When I came to college in 2014, I didn’t know I had anxiety until I learned more about what exactly it was, what the symptoms were, and that these weren’t just normal feelings everyone experienced growing up.
I was living with anxiety and I didn’t even know it.
It would manifest itself in the littlest things that I just thought I was experiencing because I was insecure. I couldn’t wear high heels or riding boots because I thought if people heard the click of the heel then they would judge me due to the noise. I couldn’t ask a waiter for a refill of my water because I would start to get flushed at the thought of asking.
To this day, I can’t go back to the counter at the coffee shop and ask the guy if I can buy a cranberry muffin because I don’t want him to judge me since I already came to the counter and bought a cup of green tea.
One day it took me a good 30 minutes to manage the courage to get up and ask the guy at the coffee shop to pour my coffee from a mug into a to go cup because I was in the middle of an anxiety attack and I needed to go home.
To someone who doesn’t live with anxiety, these things sound simple. To someone without anxiety, you're probably wondering why I can't just do what I want.
It’s not that simple. I don’t control my thoughts that easily.
These thoughts, impulses, and actions come to me and I can’t control when I have an anxiety attack or an anxious thought.
To you, it may be dumb that I can’t manage to walk up to the counter at the coffee shop and ask for a muffin, but to me, it’s a big deal.
And that's the issue. People don't understand.
Some people genuinely do not understand what it’s like to live with anxiety. People don’t understand that there are different types of anxiety.
People don’t understand how easy it is to live day to day without knowing someone suffers from anxiety because it's to easy to hide and internalize. People don’t understand that sometimes you can have a day filled with nonstop attacks, or you can go weeks without one.
We can not control it.
We don’t want your sympathy.
We just want your patience.
Whenever I’m in a relationship I have a constant fear that they will leave me. Every single day I think I’m not good enough for them and make up crazy scenarios about them thinking I’m not worth their time or effort anymore. I’ll make up scenarios about all the different ways they can break up with me and leave me. I’ll go through every aspect of my personality or appearance and write out everything about me that they would dump me over. I worry every single day that they will get fed up with trying to deal with my anxiety and depression and decide I’m not worth this roller coaster ride that is my life.

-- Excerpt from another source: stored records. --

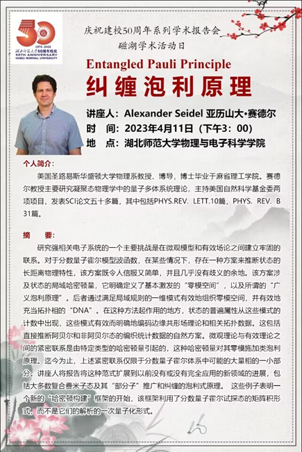本网讯 4月11日下午,纠缠泡利原理——庆祝建校50周年系列学术报告会在信息大楼10508顺利举行。本期磁湖学术活动主讲嘉宾是亚历山大·赛德尔教授,赛德尔教授是美国圣路易斯华盛顿大学物理系终身教授、博导,博士毕业于麻省理工学院。赛德尔教授主要研究凝聚态物理学中的量子多体系统理论,发表SCI论文五十多篇。物理与电子科学学院的青年博士教师和研究生代表参加了此次报告会。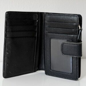 -Snap button front compartment with ID window and multiple card slots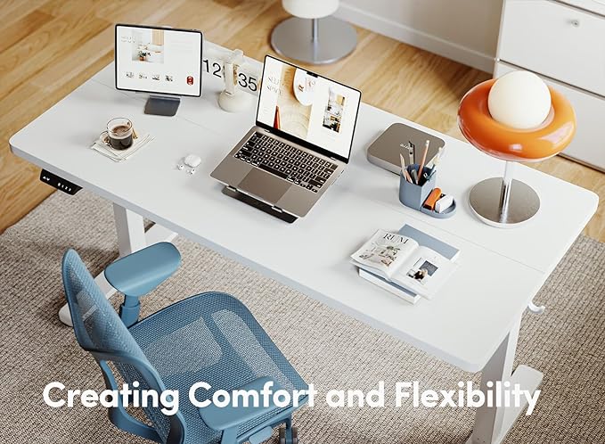 BANTI 55'' Standing Desk, Electric Stand up Height Adjustable Home Office Table, Sit Stand Desk with Splice Board, White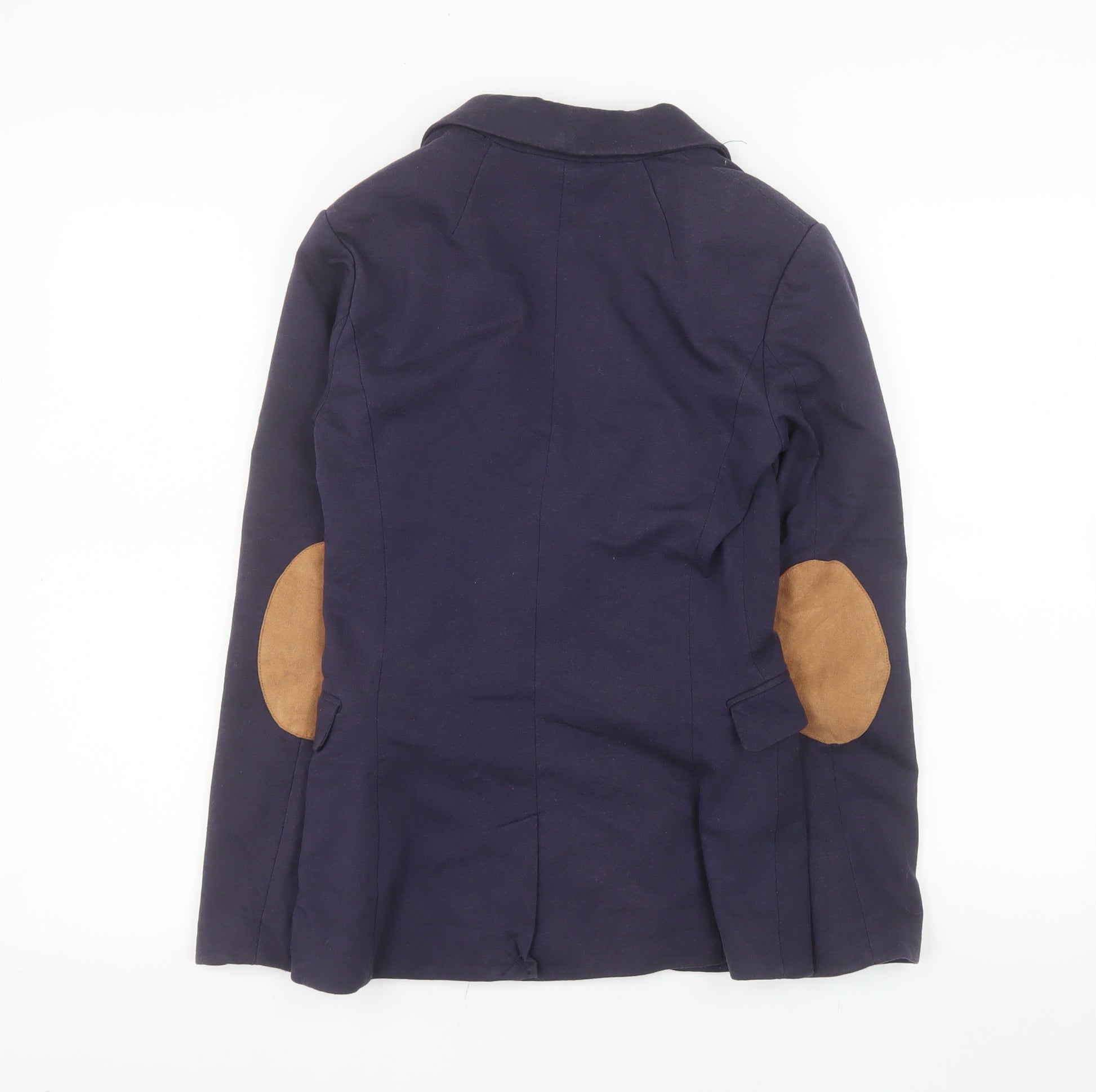 Elevate your wardrobe with this classic H&M women's blazer in a refined navy blue shade. Tailored for a flattering slim fit, this versatile blazer combines professional polish with everyday comfort. Made from a quality blend of cotton, polyester, and elastane, it offers just the right amount of stretch for ease of movement, ensuring a sleek silhouette that maintains its shape throughout the day. The jacket features a single-breasted design with two front buttons, subtle notch lapels, and twin front flap pockets that add both style and practicality. A striped polyester lining enhances comfort and durability, while the tan suede elbow patches at the back provide a touch of contemporary flair and sophistication. Perfect for business meetings, workwear or smart casual occasions, this blazer works beautifully paired with fitted trousers, skirts, or jeans for versatile styling options. Its machine washable convenience means easy care, and the durable fibres ensure longevity. Ideal for Spring and Autumn seasons, this piece transitions seamlessly from day to evening. Despite light natural creasing from storage and gentle previous wear, the blazer remains in very good condition with no visible flaws or stains. Its timeless cut and tailored fit make it a wardrobe essential for modern women seeking effortless elegance. Add this H&M blue slim fit blazer to your collection for a polished and versatile layering piece that complements any professional or casual-chic outfit combination.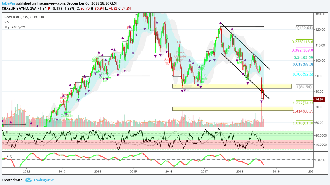 Nutzt die fallende Börse um Zukunftsaktien zu kaufen, nicht Bayer ... das macht erst Sinn, wenn hier wie bei TEVA leider die Umstruktierung ansteht und für das Fehlinvestment Leute entlassen werden. Eventuell ändere ich auch meine Meinung, aber hier ist erstmal viel Luft und Chance nach unten, mit wenig Risiko nach oben. Perfektes Short Target, was dann so richtig nach unten geht, wenn der Gesamtmarkt bröckelt.
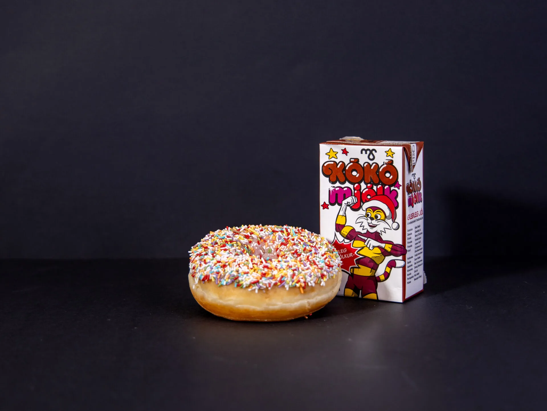 Gefðu gleði og hlýju með klassískum kleinuhring og ískaldri kókómjólk frá Almar Bakara – fullkomið augnablik fyrir alla aldurshópa.

Anxiety can manifest itself in small every day activities, or it can take on a life of it’s own and control every single aspect of your life.
Anxiety can isolate you, break you down, and even bring on other issues like depression.

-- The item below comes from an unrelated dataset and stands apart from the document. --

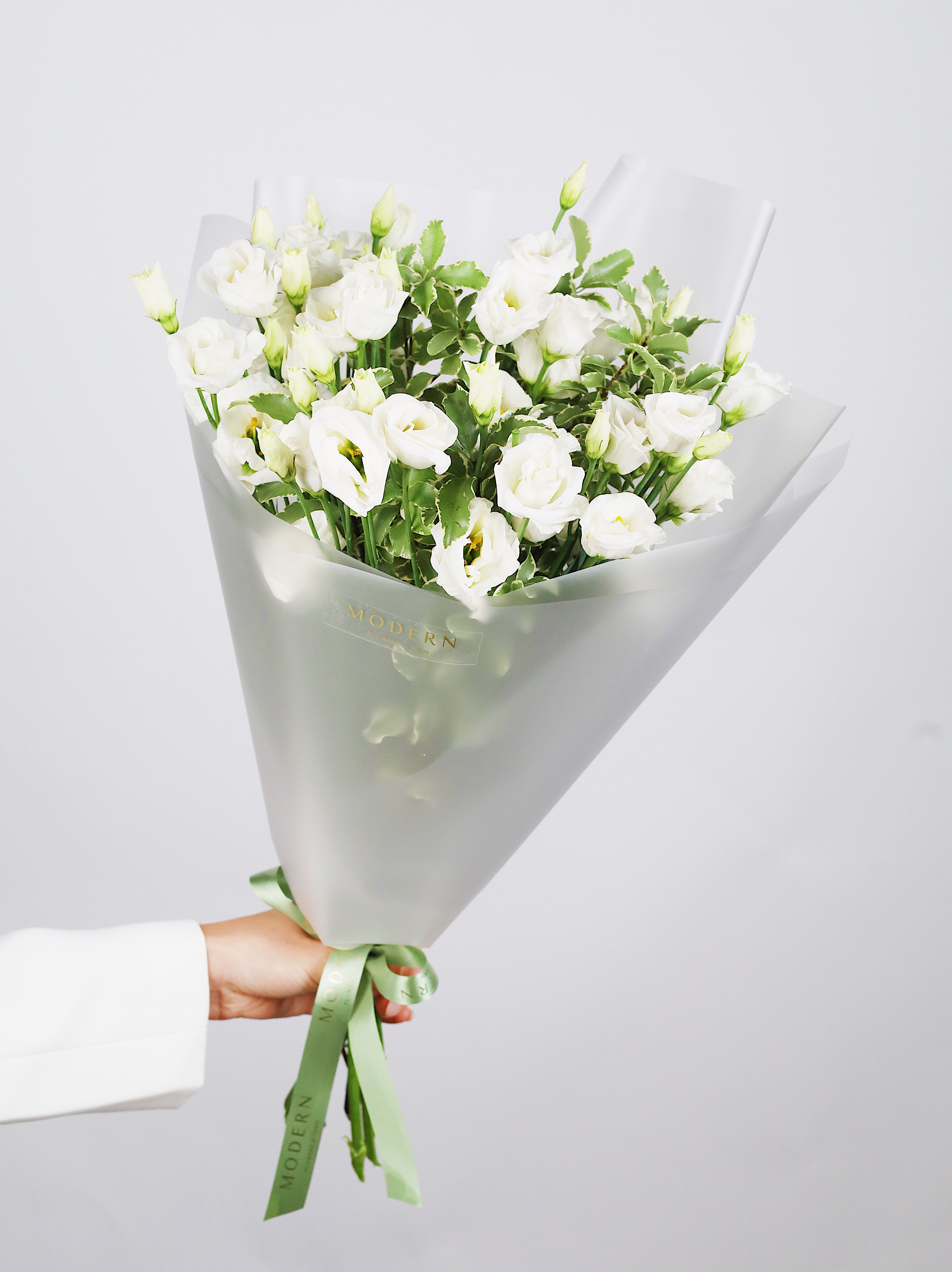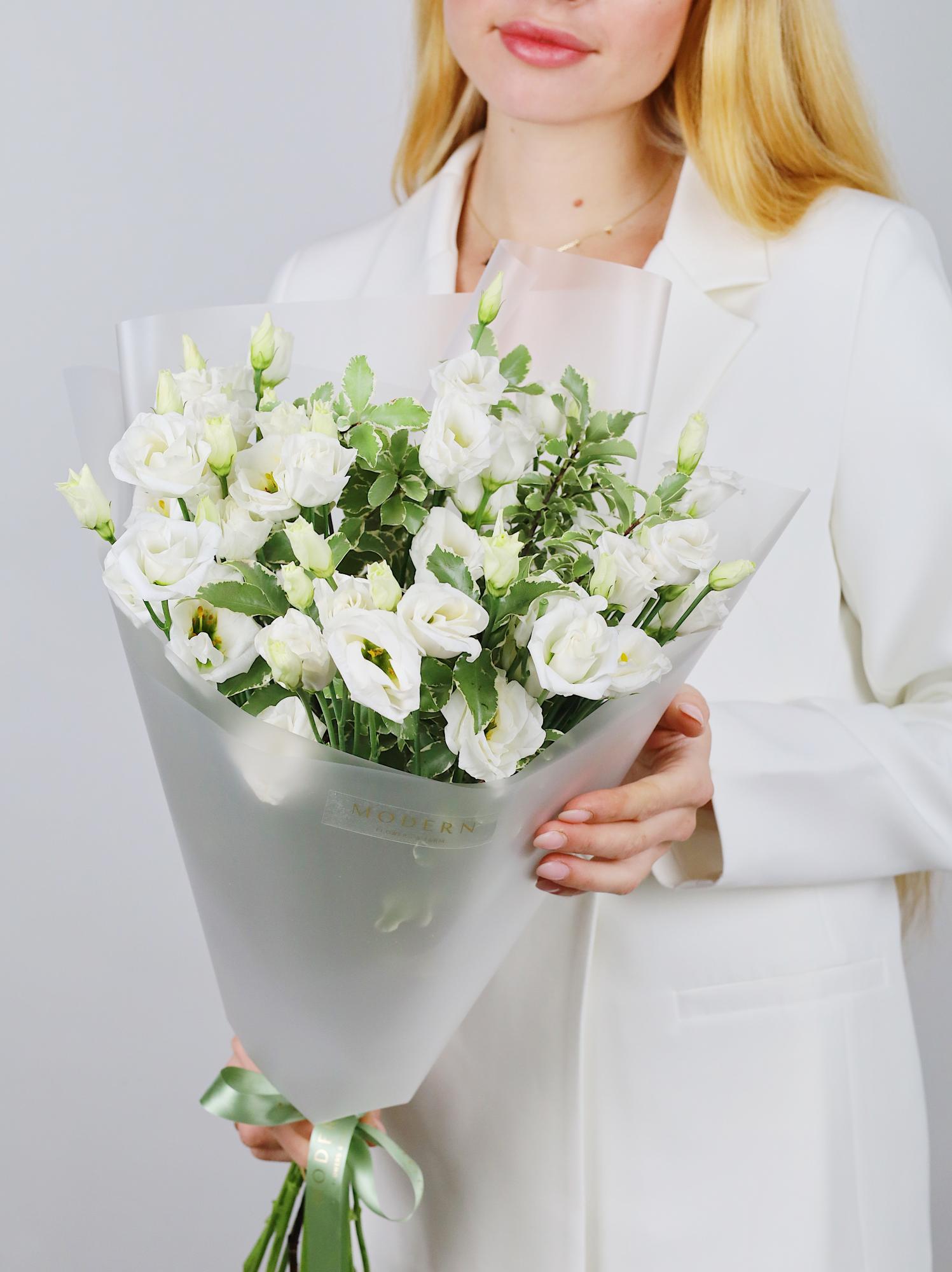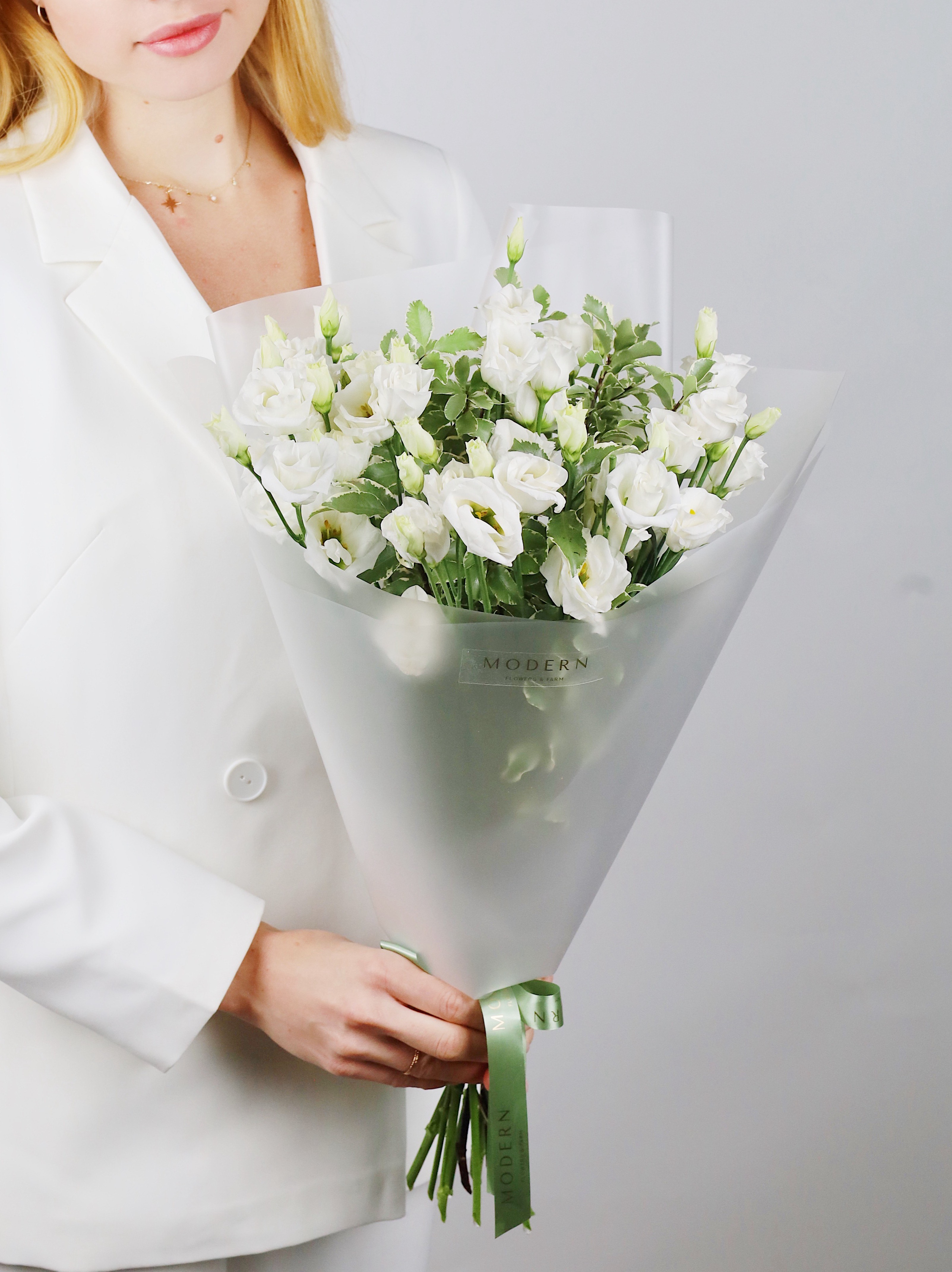 ЭЛЕГАНТНЫЙ БУКЕТ С ЛИЗИАНТУСОМ И ЗЕЛЕНЬЮ

There’s no limit to what it can do.
When I have an anxiety attack, I start to sweat all over and I get extremely hot like I’m trapped in a sauna. I start to panic and feel the urge to crawl into a ball and sit on the floor with 100 fans pointed at me giving me air because I can’t breathe.
I don’t want anyone around me. I don’t want anyone to touch me. I just want to be alone.

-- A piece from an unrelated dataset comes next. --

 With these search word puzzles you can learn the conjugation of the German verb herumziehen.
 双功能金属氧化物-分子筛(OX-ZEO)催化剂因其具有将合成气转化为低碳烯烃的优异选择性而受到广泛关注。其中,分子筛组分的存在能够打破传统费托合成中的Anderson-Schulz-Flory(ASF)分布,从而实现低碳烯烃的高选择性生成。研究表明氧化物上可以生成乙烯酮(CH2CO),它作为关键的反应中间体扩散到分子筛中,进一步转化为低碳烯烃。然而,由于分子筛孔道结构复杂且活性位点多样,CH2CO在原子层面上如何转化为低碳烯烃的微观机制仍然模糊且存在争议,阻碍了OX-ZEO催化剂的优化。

Usually when I have an attack I’ll start to clean rigorously or take an ice cold shower.
But the anxious thoughts never leave.
It’s consuming.
And I hope that by reading this post, you’ll learn to be a little more understanding and patient with the person in your life battling anxiety.
They’re probably already thinking you’re judging them and you’re just waiting for the right time to leave.
So prove them wrong and be that support system they need.
They need it a lot more than you think.